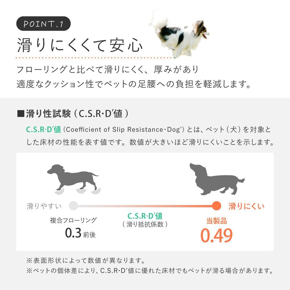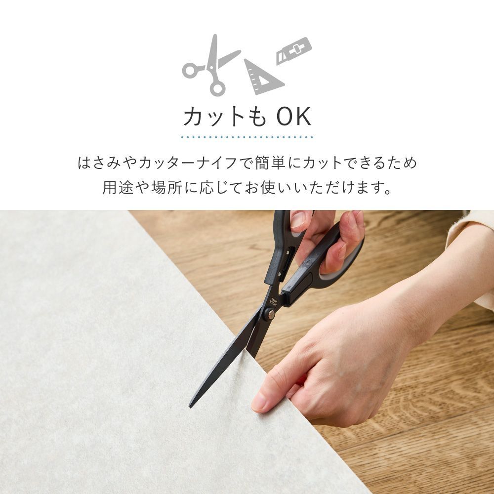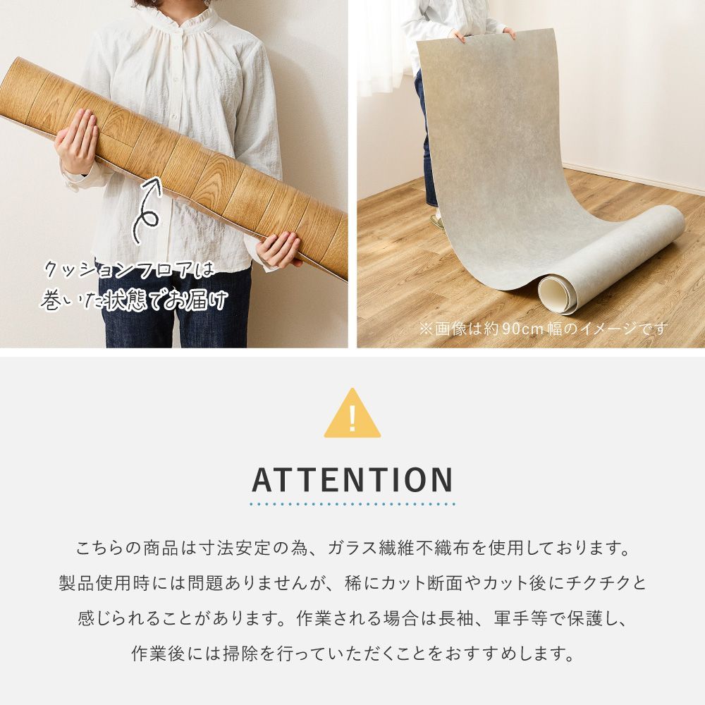 表面のコーティングによりワックスいらずでお手入れ簡単!防滑性・耐久性を備え傷がつきにくく、通常のクッションフロアより厚みがあり適度なクッション性でペットの足腰への負担を軽減します。抗菌・抗ウイルス機能付きで衛生面も安心。約182cm幅のラグサイズで広々使いやすく、カットもできるため必要な場所に応じてお使いいただけます。
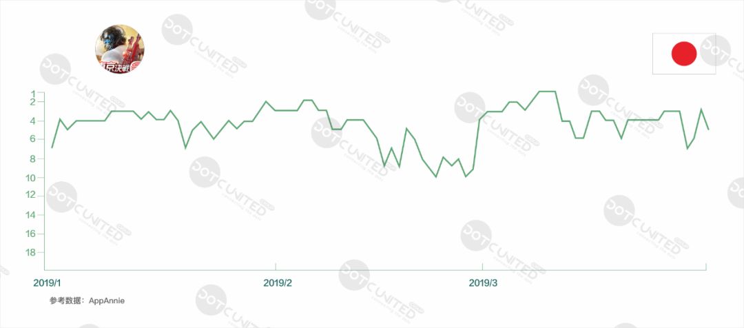 日本是网易 MOBA 手游《荒野行动》在全球累计下载和收入最高的国家。有数据显示,《荒野行动》全球收益的近 80% 都来自日本市场。日本吃鸡游戏市场小,同类产品稀缺,《荒野行动》在全球吃鸡热潮之际冲入日本市场之初便站稳了脚跟,加之其重视本土社交媒体宣传、联动本土知名 IP 合作、大力发展周边产品等,使得这款游戏以最快的速度引起日本年轻一代的关注与讨论,并在实力雄厚的日本市场存活长达两年之久,且从目前榜单排名来看,依然充满生命力,走势坚挺。
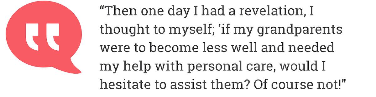 Then one day I had a revelation, I thought to myself; ‘if my grandparents were to become less well and needed my help with personal care, would I hesitate to assist them? Of course not!”
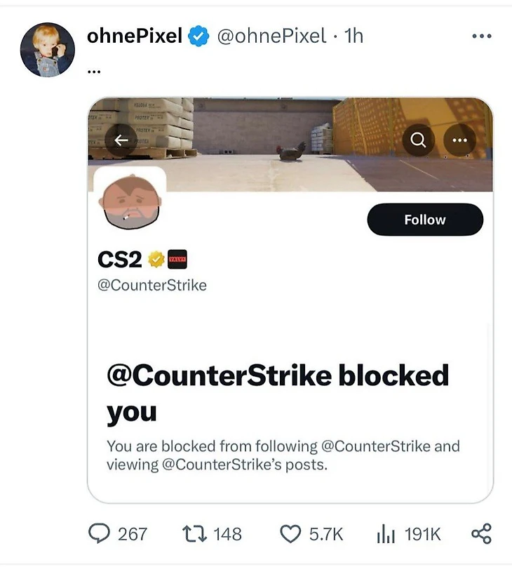 Ohnepixel – самый популярный стример по CS. У него инвентарь на 45 млн и своя команда
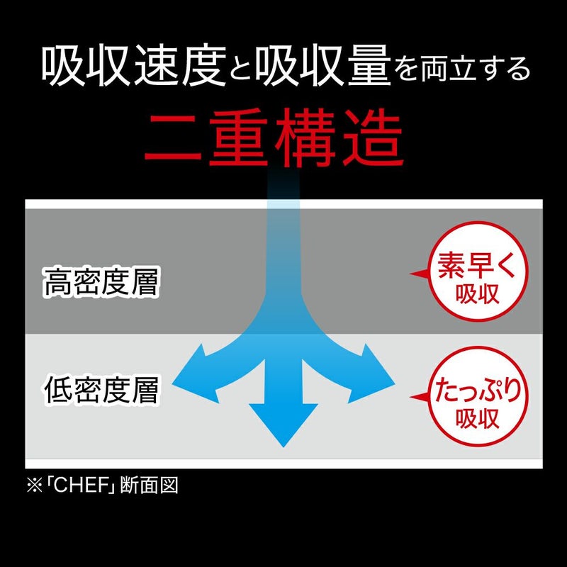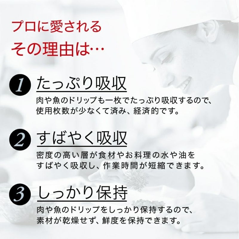 密度の高い層が食材やお料理の水や油をすばやく吸収し、作業時間を短縮できます。
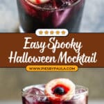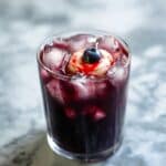 This Spooky Halloween Mocktail is a visually striking and delicious non-alcoholic drink perfect for Halloween parties. Featuring tart cherry juice, cinnamon syrup, and activated charcoal for a dramatic dark hue, it’s garnished with a lychee stuffed with cherry jam and a blueberry to resemble a creepy eye. The sparkling water adds a refreshing fizz to this chillingly tasty beverage.
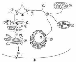 下图表示细胞内蛋白质合成后的去向和定位,其中①~⑦表示细胞结构,甲~丁表示结构中的物质。
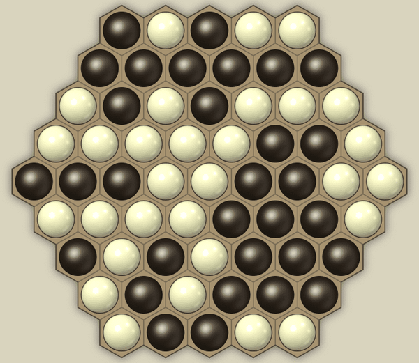 When the board is full, the player with the lower score wins. Your score is the sum of the values of your groups. If there is a tie, whoever has fewer groups wins. If the tie persists, White wins.
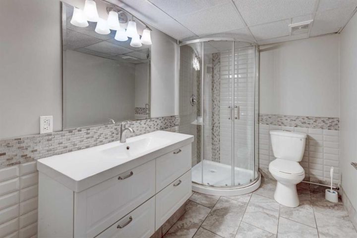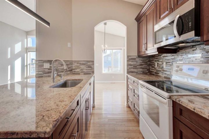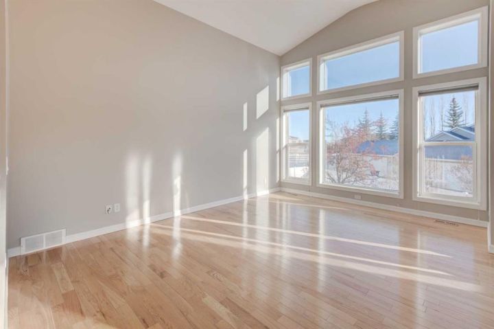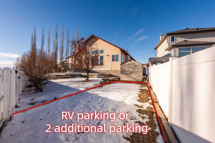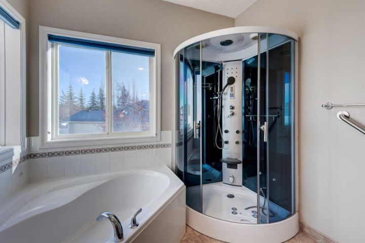 Welcome to this Bright and Spacious bungalow (1,337 sf) with total 4 bedrooms 2.5 baths in desirable West Springs SW, situated on a rare oversized pie lot over 600 sq. meters. Open-concept main floor features vaulted ceilings up to 13 ft, expansive windows, and abundant natural light throughout the kitchen, dining, and living areas. Main level includes two bedrooms, highlighted by a large vaulted primary suite with a luxury ensuite featuring a soaker tub and steam shower with multi-jets. Convenient main-floor laundry and 2-piece bath. Fully developed lower level offers two large bedrooms, a full bathroom, and spacious (over 400 sf) family/recreation room. Outside boasts a huge private lot with mature and fruit trees, no-maintenance vinyl fencing, gated back lane access with RV parking supported by paving stones, and a front-drive attached double garage, total 6 parking spaces. Walking distance to Calgary French & International School, parks, schools, and nearby amenities. Ideal for families and downsizers.
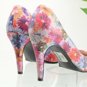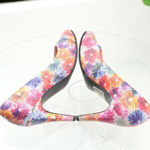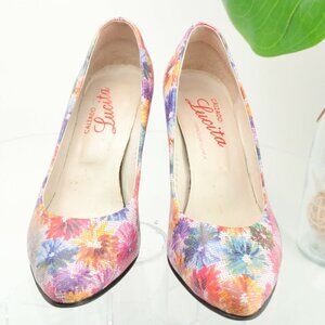Lucita Women's Pump Size 8 Floral Print Red Blue Leather Pointed Heel Dress Shoe
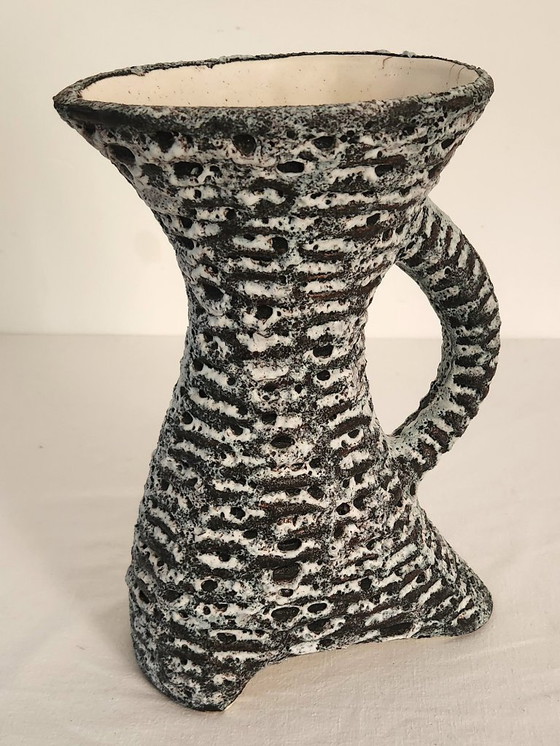 Originele Fat Lava vaas van zeegrijs/wit keramiek, jaren 1960. Gesigneerd Novalaise. In zeer goede staat. Hoogte 26cm. Met zorg verzonden
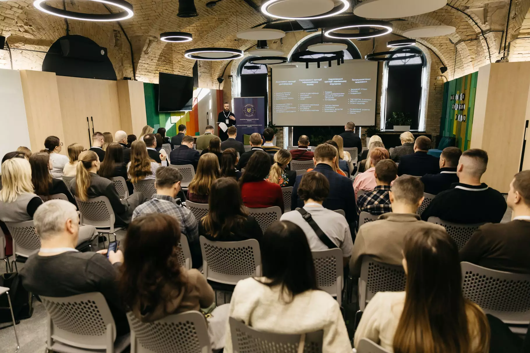 Учасники конференції активно брали участь в обговоренні презентацій спікерів та ставили їм питання щодо ефективних інструментів реагування на дезінформацію, методів протидії маніпуляціям, про засоби коректної та ефективної обробки візуальних матеріалів тощо.
-------
= WHAT IS EXPECTED =
The records above must be returned exactly, with each picture omitted.

= WRITTEN ANSWER =
 表面のコーティングによりワックスいらずでお手入れ簡単!防滑性・耐久性を備え傷がつきにくく、通常のクッションフロアより厚みがあり適度なクッション性でペットの足腰への負担を軽減します。抗菌・抗ウイルス機能付きで衛生面も安心。約182cm幅のラグサイズで広々使いやすく、カットもできるため必要な場所に応じてお使いいただけます。
 日本是网易 MOBA 手游《荒野行动》在全球累计下载和收入最高的国家。有数据显示,《荒野行动》全球收益的近 80% 都来自日本市场。日本吃鸡游戏市场小,同类产品稀缺,《荒野行动》在全球吃鸡热潮之际冲入日本市场之初便站稳了脚跟,加之其重视本土社交媒体宣传、联动本土知名 IP 合作、大力发展周边产品等,使得这款游戏以最快的速度引起日本年轻一代的关注与讨论,并在实力雄厚的日本市场存活长达两年之久,且从目前榜单排名来看,依然充满生命力,走势坚挺。
 Then one day I had a revelation, I thought to myself; ‘if my grandparents were to become less well and needed my help with personal care, would I hesitate to assist them? Of course not!”
 Ohnepixel – самый популярный стример по CS. У него инвентарь на 45 млн и своя команда
 密度の高い層が食材やお料理の水や油をすばやく吸収し、作業時間を短縮できます。
 This Spooky Halloween Mocktail is a visually striking and delicious non-alcoholic drink perfect for Halloween parties. Featuring tart cherry juice, cinnamon syrup, and activated charcoal for a dramatic dark hue, it’s garnished with a lychee stuffed with cherry jam and a blueberry to resemble a creepy eye. The sparkling water adds a refreshing fizz to this chillingly tasty beverage.
 下图表示细胞内蛋白质合成后的去向和定位,其中①~⑦表示细胞结构,甲~丁表示结构中的物质。
 When the board is full, the player with the lower score wins. Your score is the sum of the values of your groups. If there is a tie, whoever has fewer groups wins. If the tie persists, White wins.
 Welcome to this Bright and Spacious bungalow (1,337 sf) with total 4 bedrooms 2.5 baths in desirable West Springs SW, situated on a rare oversized pie lot over 600 sq. meters. Open-concept main floor features vaulted ceilings up to 13 ft, expansive windows, and abundant natural light throughout the kitchen, dining, and living areas. Main level includes two bedrooms, highlighted by a large vaulted primary suite with a luxury ensuite featuring a soaker tub and steam shower with multi-jets. Convenient main-floor laundry and 2-piece bath. Fully developed lower level offers two large bedrooms, a full bathroom, and spacious (over 400 sf) family/recreation room. Outside boasts a huge private lot with mature and fruit trees, no-maintenance vinyl fencing, gated back lane access with RV parking supported by paving stones, and a front-drive attached double garage, total 6 parking spaces. Walking distance to Calgary French & International School, parks, schools, and nearby amenities. Ideal for families and downsizers.
Lucita Women's Pump Size 8 Floral Print Red Blue Leather Pointed Heel Dress Shoe
 Originele Fat Lava vaas van zeegrijs/wit keramiek, jaren 1960. Gesigneerd Novalaise. In zeer goede staat. Hoogte 26cm. Met zorg verzonden
 Учасники конференції активно брали участь в обговоренні презентацій спікерів та ставили їм питання щодо ефективних інструментів реагування на дезінформацію, методів протидії маніпуляціям, про засоби коректної та ефективної обробки візуальних матеріалів тощо.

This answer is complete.